Source material -
---

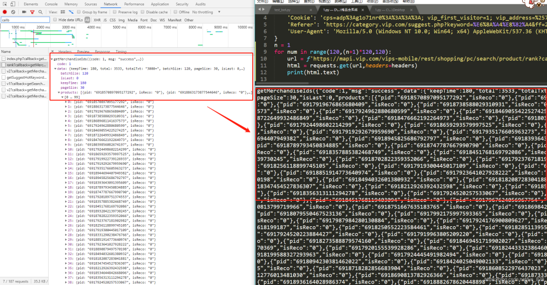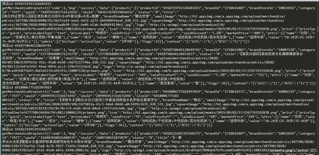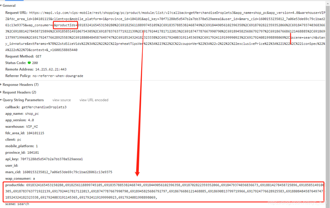 url = 'https://mapi.vip.com/vips-mobile/rest/shopping/pc/product/module/list/v2?callback=getMerchandiseDroplets3&app_name=shop_pc&app_version=4.0&warehouse=VIP_HZ&fdc_area_id=104101115&client=pc&mobile_platform=1&province_id=104101&api_key=70f71280d5d547b2a7bb370a529aeea1&user_id=&mars_cid=1600153235012_7a06e53de69c79c1bad28061c13e9375&wap_consumer=a&productIds=6918324165453150280%2C6918256118899745105%2C6918357885382468749%2C6918449056102396358%2C6918702822359352066%2C6918479374036836673%2C6918814278458725896%2C6918585149106754305%2C6918783763771922139%2C6917924417817122013%2C6918747787667990790%2C6918945825686792797%2C6918676686121468885%2C6918690813799719966%2C6917924776628925583%2C6918808484587649747%2C6918524324182323338%2C6917924083191145365%2C6917924119199990923%2C6917924081998898069%2C&scene=search&standby_id=nature&extParams=%7B%22stdSizeVids%22%3A%22%22%2C%22preheatTipsVer%22%3A%223%22%2C%22couponVer%22%3A%22v2%22%2C%22exclusivePrice%22%3A%221%22%2C%22iconSpec%22%3A%222x%22%7D&context=&_=1600158865440'
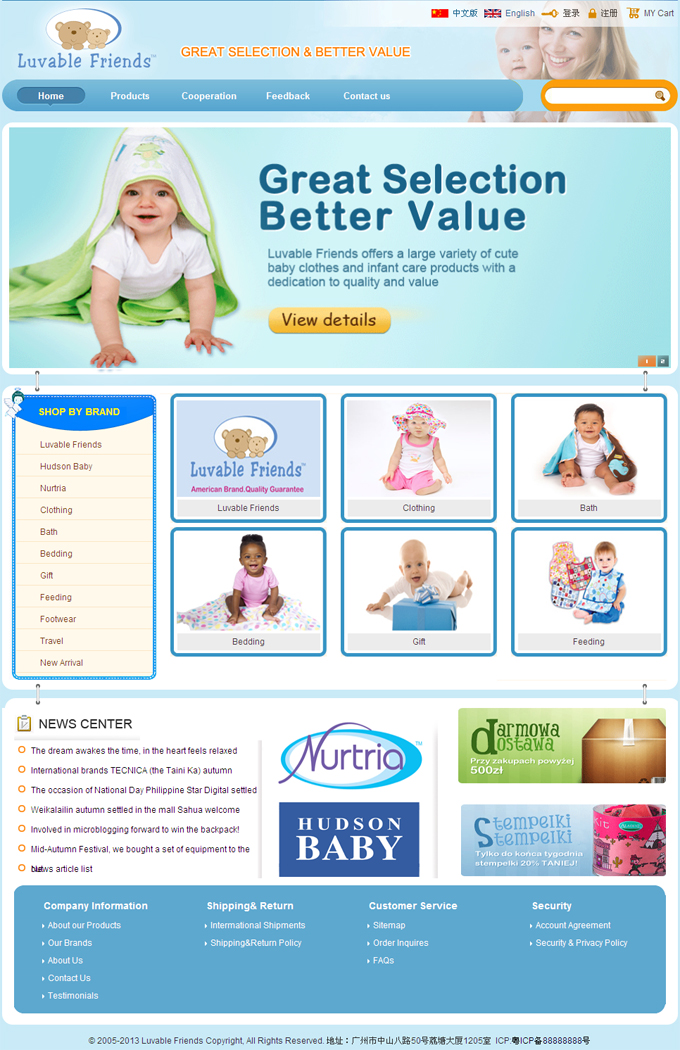 項目名稱:廣州速來母嬰用品有限公司網站建設簽定日期:2012年6月20日網址:http://www.luvablefriends.org...
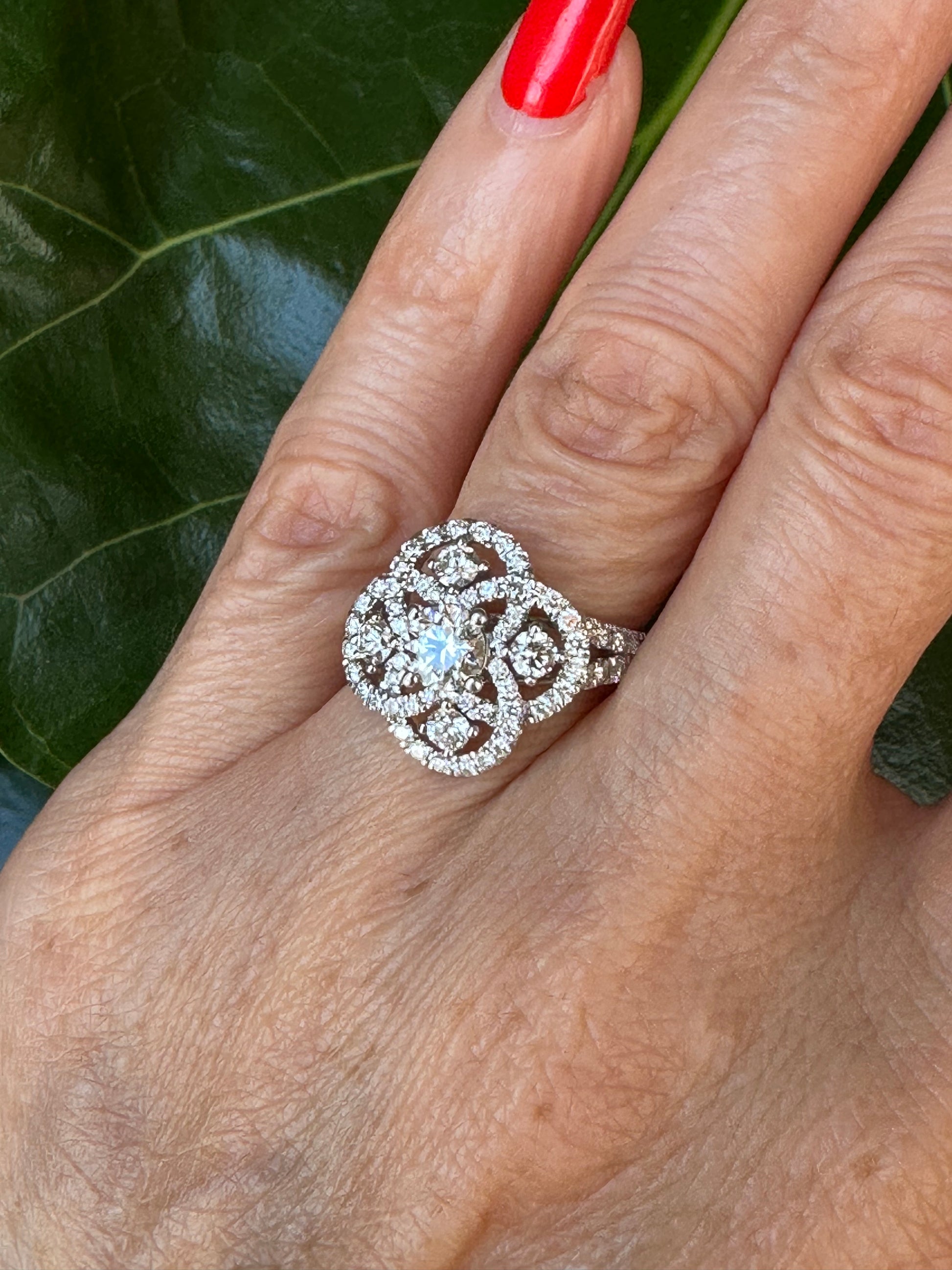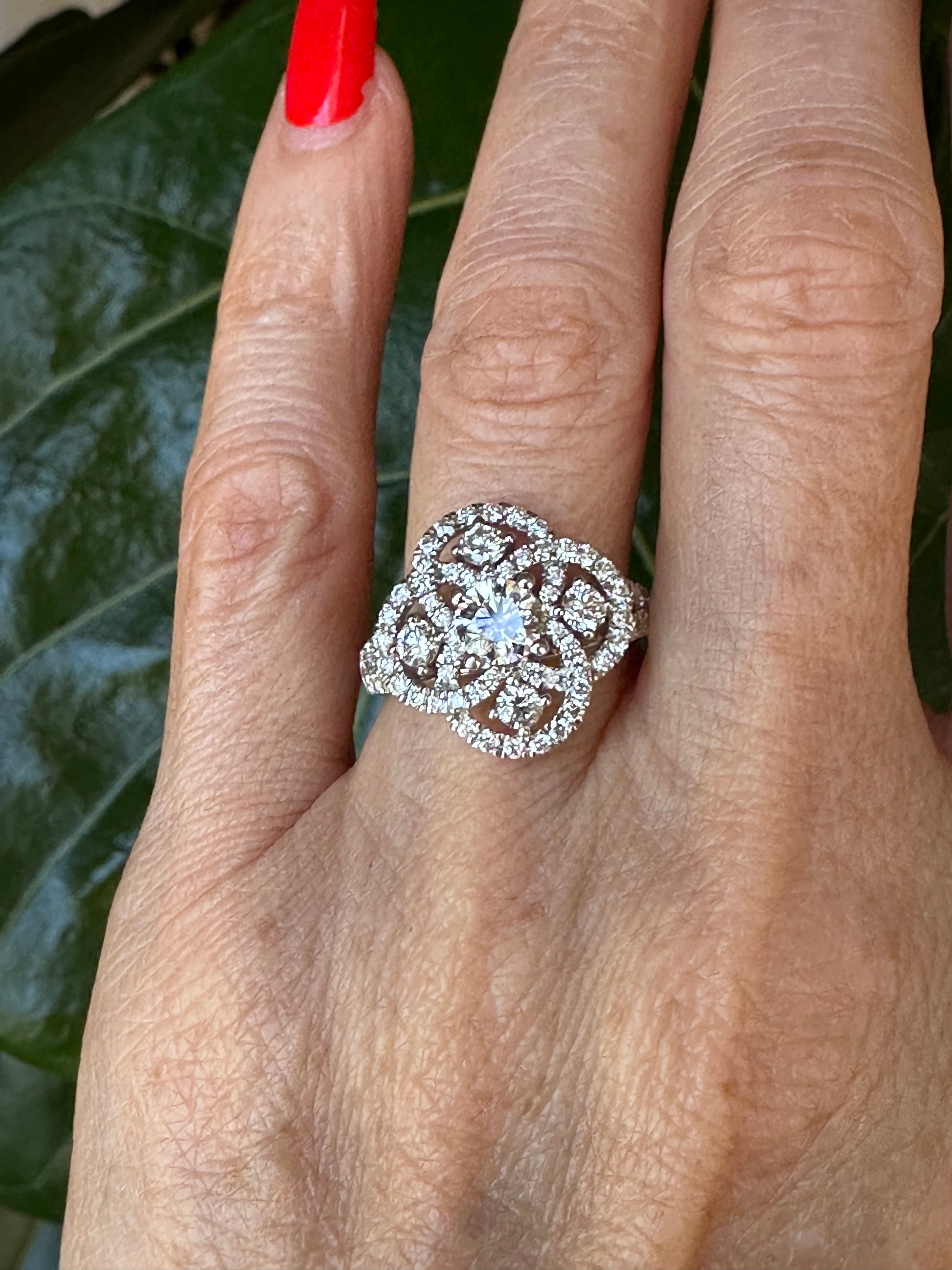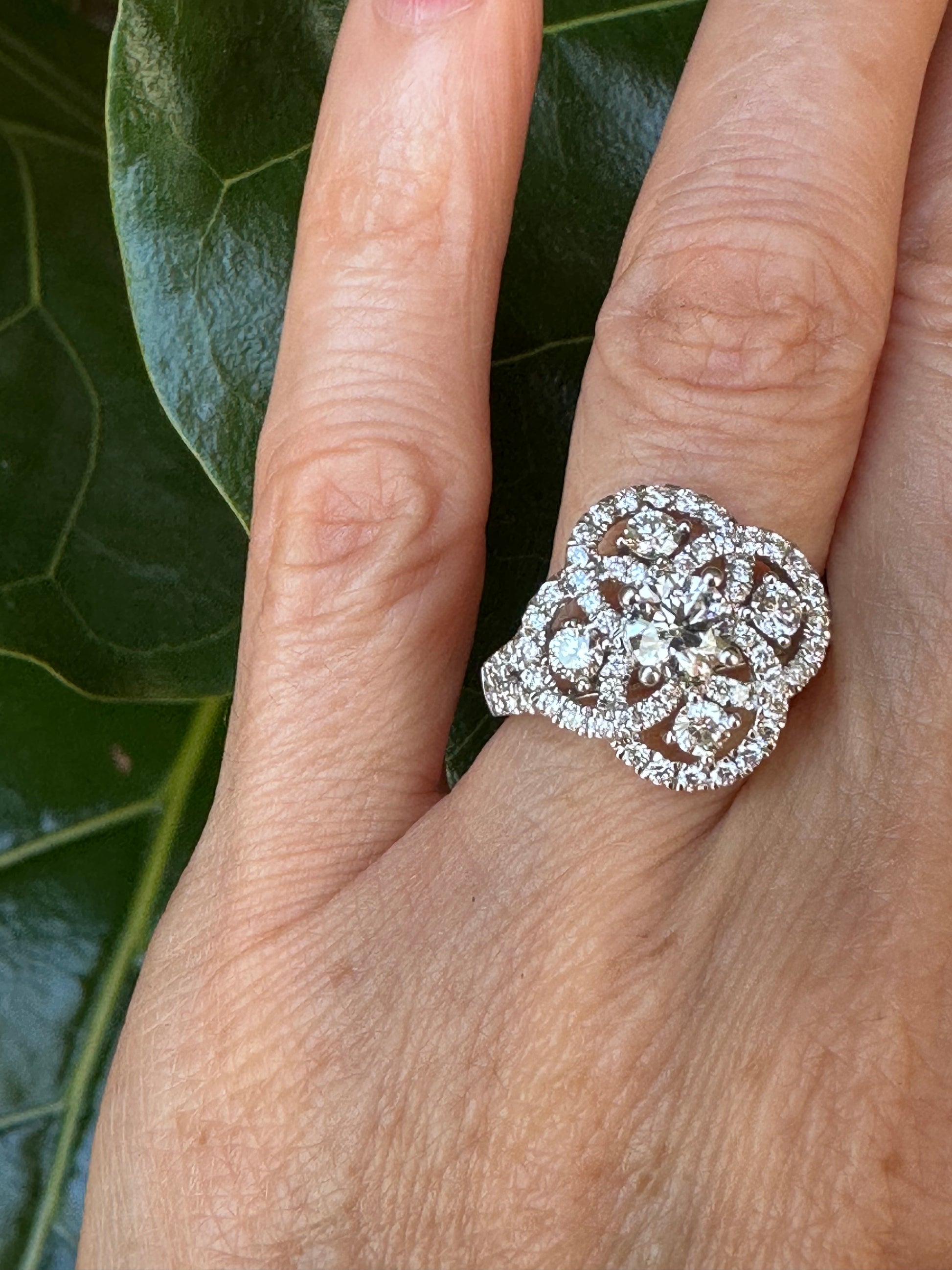 Elevate any occasion with our Natural Diamond Cocktail Ring in White Gold. Its beautiful design features 5 visible diamonds and diamond swirls, adding elegance to any look. Made to last for generations, this stylish ring boasts a white gold mounting finishing with diamond shoulders on the ring. Enhance your collection with this timeless piece.

---

Your objective - With the pictures removed, return the data above word for word.

Finished task -
 url = 'https://mapi.vip.com/vips-mobile/rest/shopping/pc/product/module/list/v2?callback=getMerchandiseDroplets3&app_name=shop_pc&app_version=4.0&warehouse=VIP_HZ&fdc_area_id=104101115&client=pc&mobile_platform=1&province_id=104101&api_key=70f71280d5d547b2a7bb370a529aeea1&user_id=&mars_cid=1600153235012_7a06e53de69c79c1bad28061c13e9375&wap_consumer=a&productIds=6918324165453150280%2C6918256118899745105%2C6918357885382468749%2C6918449056102396358%2C6918702822359352066%2C6918479374036836673%2C6918814278458725896%2C6918585149106754305%2C6918783763771922139%2C6917924417817122013%2C6918747787667990790%2C6918945825686792797%2C6918676686121468885%2C6918690813799719966%2C6917924776628925583%2C6918808484587649747%2C6918524324182323338%2C6917924083191145365%2C6917924119199990923%2C6917924081998898069%2C&scene=search&standby_id=nature&extParams=%7B%22stdSizeVids%22%3A%22%22%2C%22preheatTipsVer%22%3A%223%22%2C%22couponVer%22%3A%22v2%22%2C%22exclusivePrice%22%3A%221%22%2C%22iconSpec%22%3A%222x%22%7D&context=&_=1600158865440'
 項目名稱:廣州速來母嬰用品有限公司網站建設簽定日期:2012年6月20日網址:http://www.luvablefriends.org...
 Elevate any occasion with our Natural Diamond Cocktail Ring in White Gold. Its beautiful design features 5 visible diamonds and diamond swirls, adding elegance to any look. Made to last for generations, this stylish ring boasts a white gold mounting finishing with diamond shoulders on the ring. Enhance your collection with this timeless piece.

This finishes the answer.